Now that makes sense. How many of us taxpayers have been peeved at homeowners who build in flood zones or microscopic sand bars off the coast, see their homes destroyed, then get government intervention to rebuild? Or how about the latest proposed (still not signed…) bailout of homeowners who didn’t read the fine print or weren’t savvy enough to realize that eventually paying a mortgage of 110% of their take-home wasn’t exactly feasible? Of course most of that fine print was driven by regulatory excess to begin with. Could the "make it easily understandable" side of lean accounting be applied to voluminous contracts?
Yet today, the economic game is not zero-sum. A market economy in a
modern democracy with the protection of private property, the rule of
law, a sound currency, a fair justice system, a reliable
infrastructure, and entrenched civil liberties means that the gain of
one can be the gain of another. Win-win is the new economics. Still,
our deep intuitions about how the world works haven’t caught up to our
economic reality.
Now there’s some meat. We’ve discussed the fallacies of a zero sum mindset a couple of times. There doesn’t have to be winners and losers… you can have a win-win dynamic. And it call comes back to basic economics.

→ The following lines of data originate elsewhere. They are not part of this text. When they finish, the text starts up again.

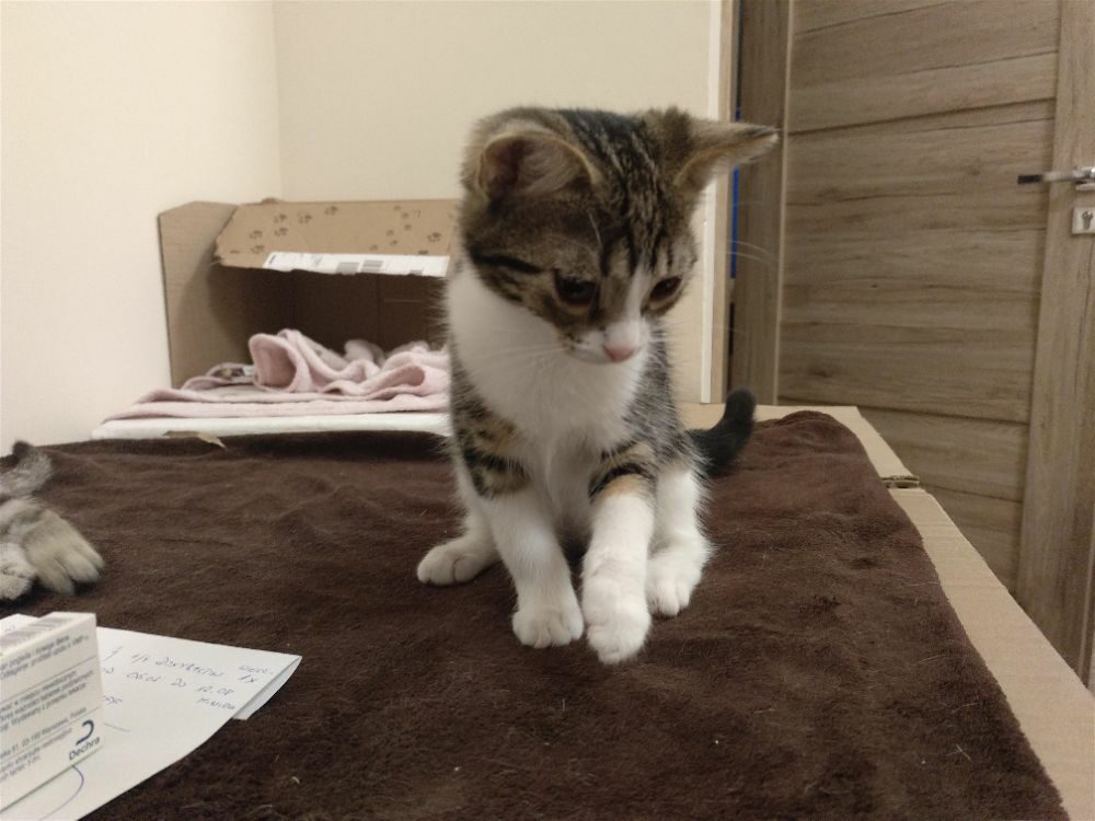 Z maluchami codziennie jesteśmy w lecznicy. Dorosłe kotki cierpią na infekcje oczu, uszu, a jedna z nich niepokoi nas ze względu na przyspieszony oddech i dziwne bólowe odruchy. Łącznie mamy z tamtego miejsca trzy kotki i pięć kociąt. Leczenie daje już pierwsze efekty.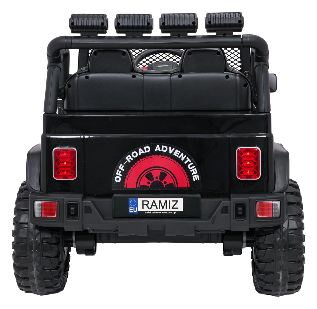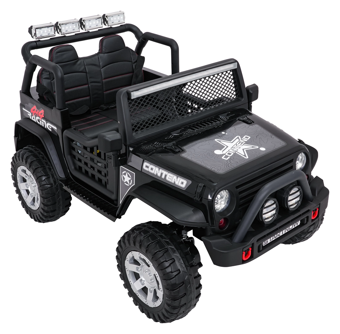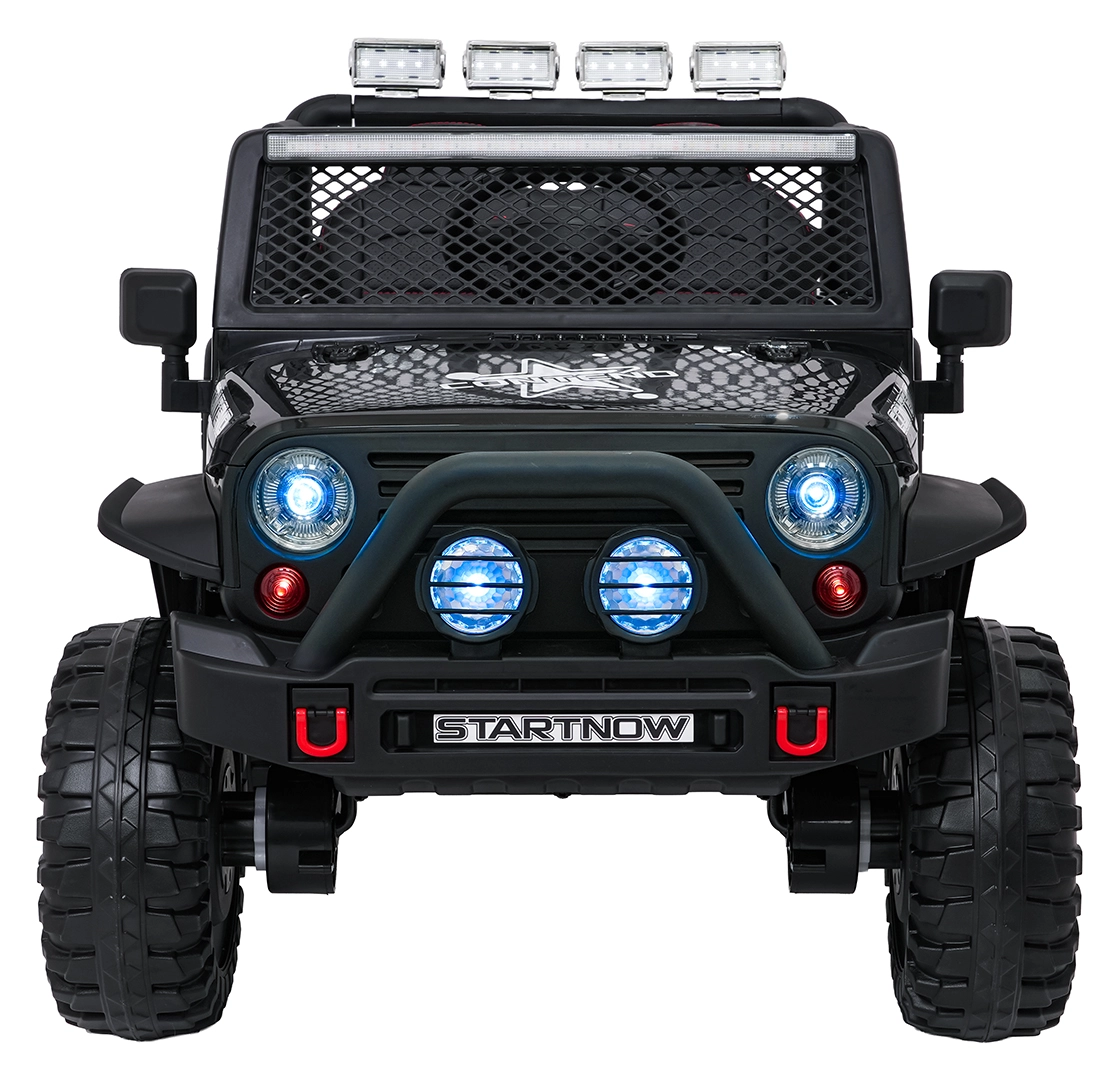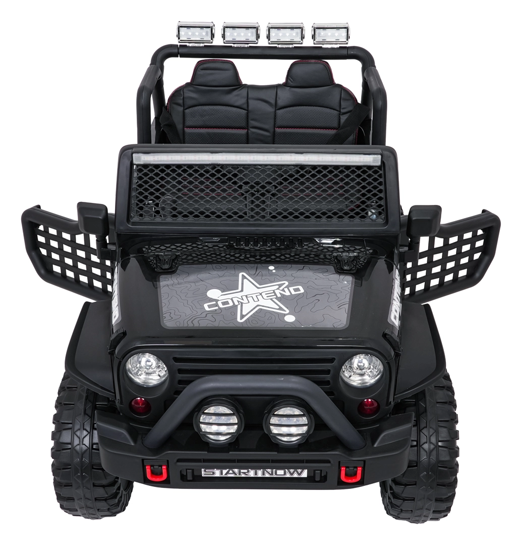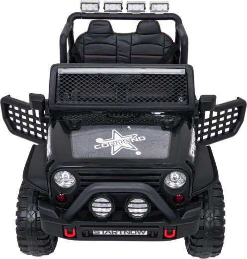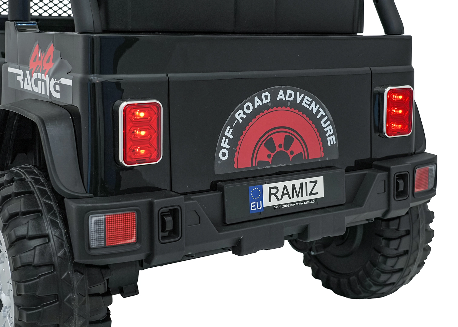 Dieser schwarze Offroad-Champion ist für Abenteuer gemacht. Dank Allradantrieb 4x4, hoher Bodenfreiheit und weichen EVA-Rädern meistert er Unebenheiten und Gartengelände. Sanftes Anfahren, zwei Geschwindigkeiten sowie Vorwärts-/Rückwärtsfahrt sorgen für komfortable und sichere Bedienung. Die LED-Beleuchtung (vorne, hinten und Dachlichtleiste) verleiht einen realistischen Look und bessere Sichtbarkeit.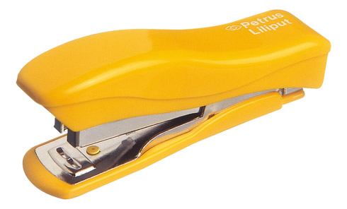 Grapadora de tamaño mini con cuerpo metálico y carcasa de plástico.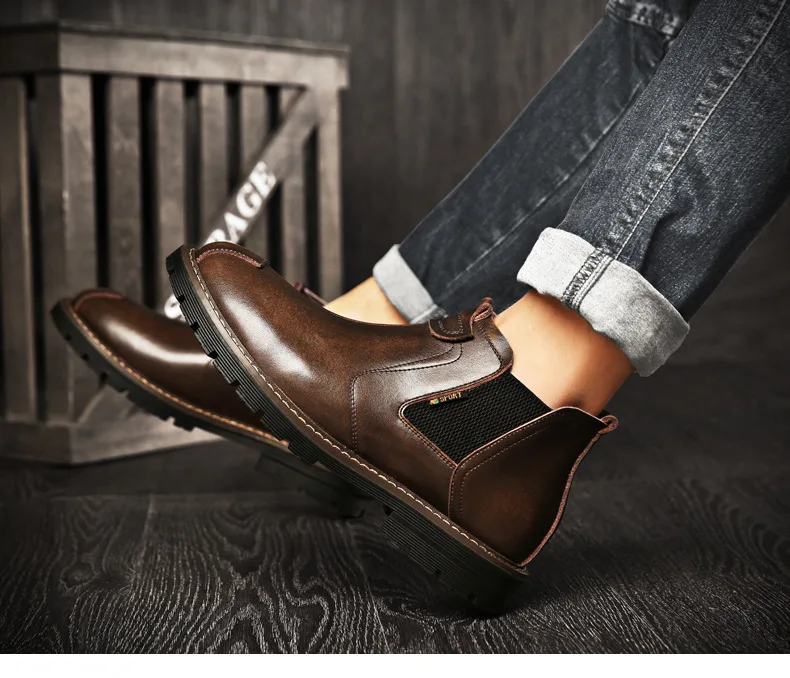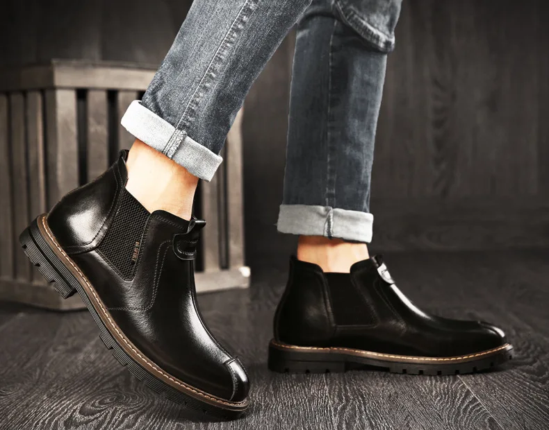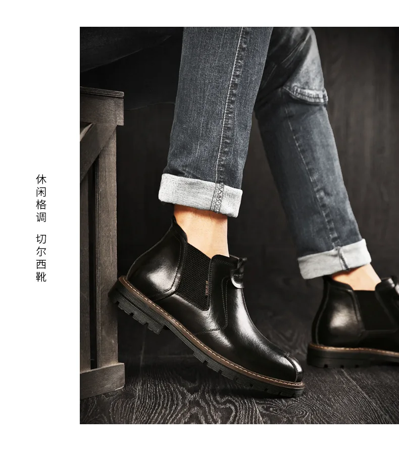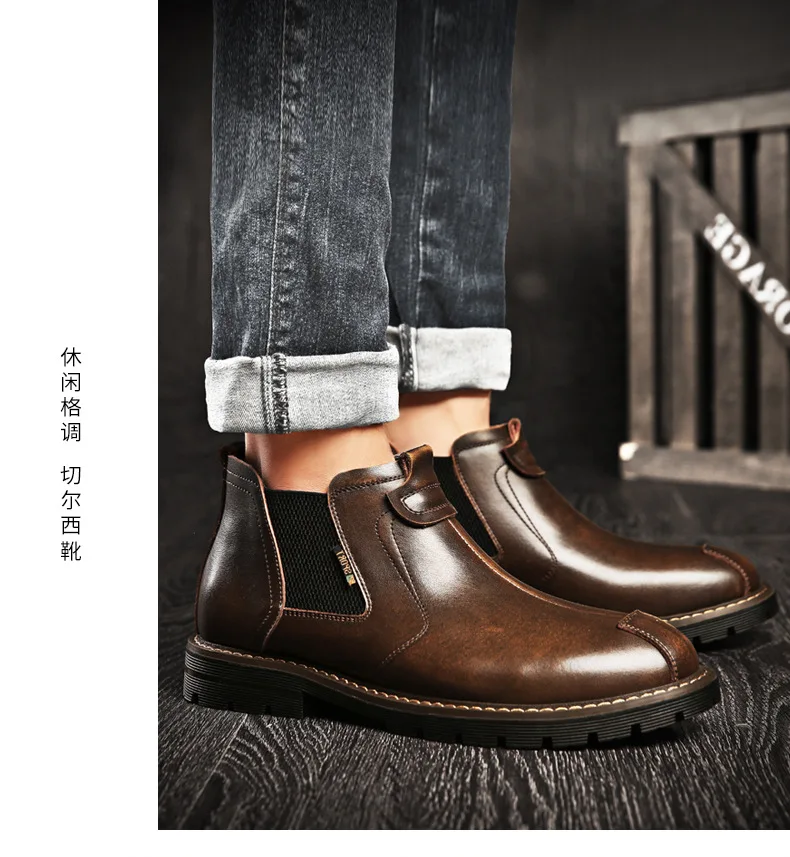 Ботинки Челси мужские из натуральной кожи, дышащие полусапожки на платформе, ковбойские полусапожки, черные коричневые, в Корейском стиле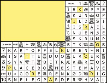 De gule felter danner et løsningsord. Send din løsning, navn, adresse, mobilnummer og e-mail senest den 18. oktober 2025 til x-ord@gigtforeningen.dk eller på et åbent postkort til Gigtforeningen, Tobaksvejen 2A, 2860 Søborg, mrk. ’x-ord’. Du kan kun deltage én gang pr. x-ord.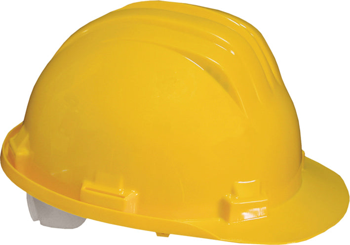 Elmetto protettivo giallo in plastica con bardatura interna regolabile e parasudore.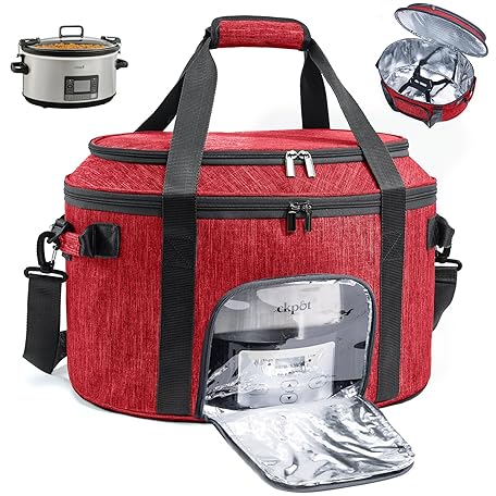 Double-Layer Slow Cooker Carrying Bag for 6-8 Quart CrockPot and Hamlton Beach Slow Cooker, Travel Bag with Lid Fastener for Crock-pot, Portable Carrier Case Slow Cooker Bag with See-thought Window
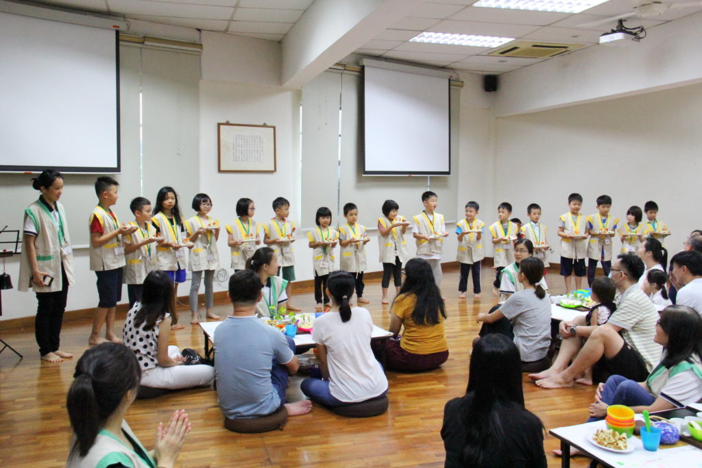 孩子的成长过程中,父母的陪伴是不可或缺的。悲心班儿童生命教育课程除了专属家长的“父母成长工作坊”之外,也在每一堂孩子的课程中涵盖了亲子时光。小小供养人“心灵茶点”不但能促进亲子关系,同时也培养孩子们奉献与培福的心态,更藉着食物的供养学习惜福和感恩。每一堂课的“回家游戏”也邀请了父母的参与,乃至家庭总动员一起完成呢!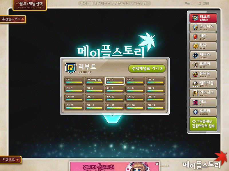 리부트 서버에 사람이 많이 몰리자 사람들을 분산하기 위해서 만든 서버다. 그런데 메이플이 좆망하고 리부트 원섭에도 사람이 줄기 시작하자 그냥 망했다.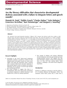 Title: | Are the literacy difficulties that characterize developmental dyslexia associated with a failure to integrate letters and speech sounds? |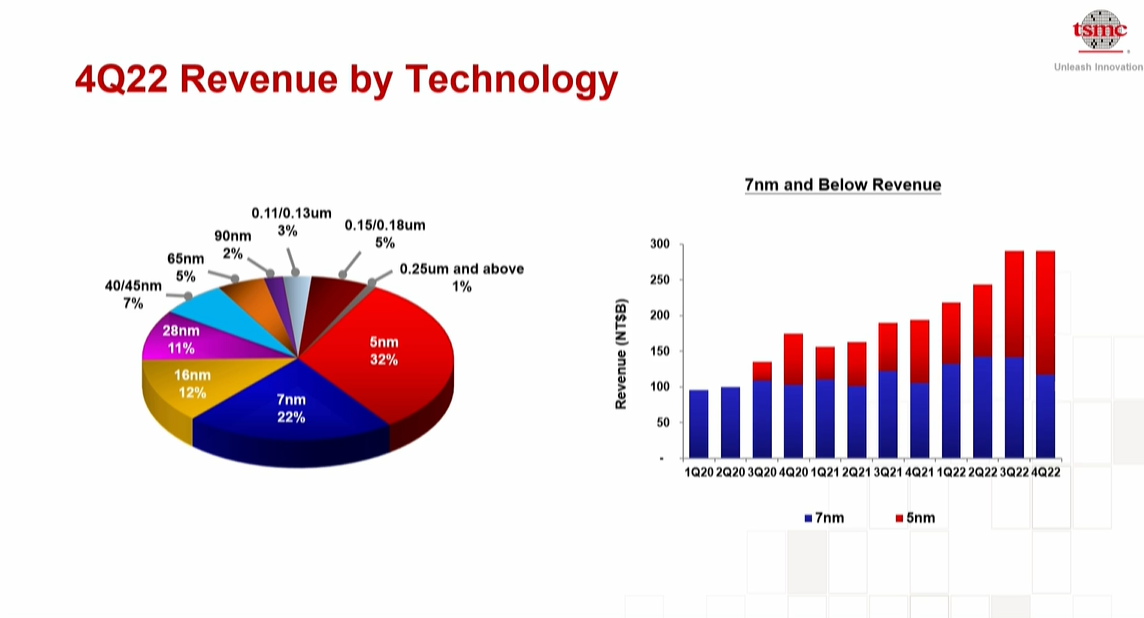 以制程來分,第四季度臺積電7納米制程占晶圓總收入約22%,5納米制程比重約32%。包括7納米及5納米先進制程比重約54%。另外,16納米12%,28納米11%。

At those moments when we believe in top-down solutions for bottom-up
problems, remember the bedrock of Adam Smith’s economic theory:
"Consumption is the sole end and purpose of all production; and the
interest of the producer ought to be attended to, only so far as it may
be necessary for promoting that of the consumer." Government bailouts
and handouts are both forms of appeasing producers. If we focus on
solving problems for customers instead — encouraging the creation of
can’t-live-without products — we will have an easier time riding out
the natural storm of a down cycle.
Focus on the value to the customer. Now where have I heard that before?
mike t says
Firstly I thought the bailouts were apeasing the portion of consumers with bad mortgages?
“At those moments when we believe in top-down solutions for bottom-up problems”
…
” focus on solving problems for customers instead — encouraging the creation of can’t-live-without products”
Cant live without products are going to fix the mortgage crises or prevent further bottom up problems???
Eric Wade says
I’ve long been perplexed by the notion that ‘the economy’ is a zero sum game. Maybe if you were to look at any one instant in time, you could see it that way, but if you were to look at the economy of 1950 vs. 2000 you might notice that nearly every 2008 participant in the economy has MORE than their 1950 counterpart. In fact, the GNP of the USA rose from $2 Trillion in 1950 to $10 Trillion in 2000 and it certainly isn’t because there is an uncounted offsetting $8 Trillion in losses, liabilities, or debts (although it seems that way, in Southern California :)
Bob Lewis says
Uh … remember that those who fail to learn the lessons of history are doomed to repeat the 7th grade.
Far from being a failure, government “attempts to regulate” marketplaces have been quite successful in many respects. For example, they have:
* Prevented the formation of cartels that suppress the operation of free markets.
* Substituted for the operation of market forces with monopoly businesses that aren’t subject to competition.
* Moderated the impact of the “tragedy of the commons,” where market forces would otherwise destroy shared resources (for example, the pollution laws that have made the air measurably more breathable and eliminated the flammability of the Cuyahoga river.
* Moderated the amplitude of economic cycles, especially with respect to inflation and recessions.
Ask yourself when the last time was that we had a Great Depression. This hasn’t been the result of luck.
Martin B says
“Individual elements (organisms in evolution, people in economics) interact and adapt to changing conditions.”
Of course, the big difference between evolution in nature and evolution in human life is that humans can predict the future and change their behavior accordingly. Other creatures can only react to current circumstances.
So, for instance, anyone could see ten years ago that oil would start getting really expensive, because new finds were dipping below current consumption, so they would start switching to tiny fuel-efficient vehicles before the price crunch came.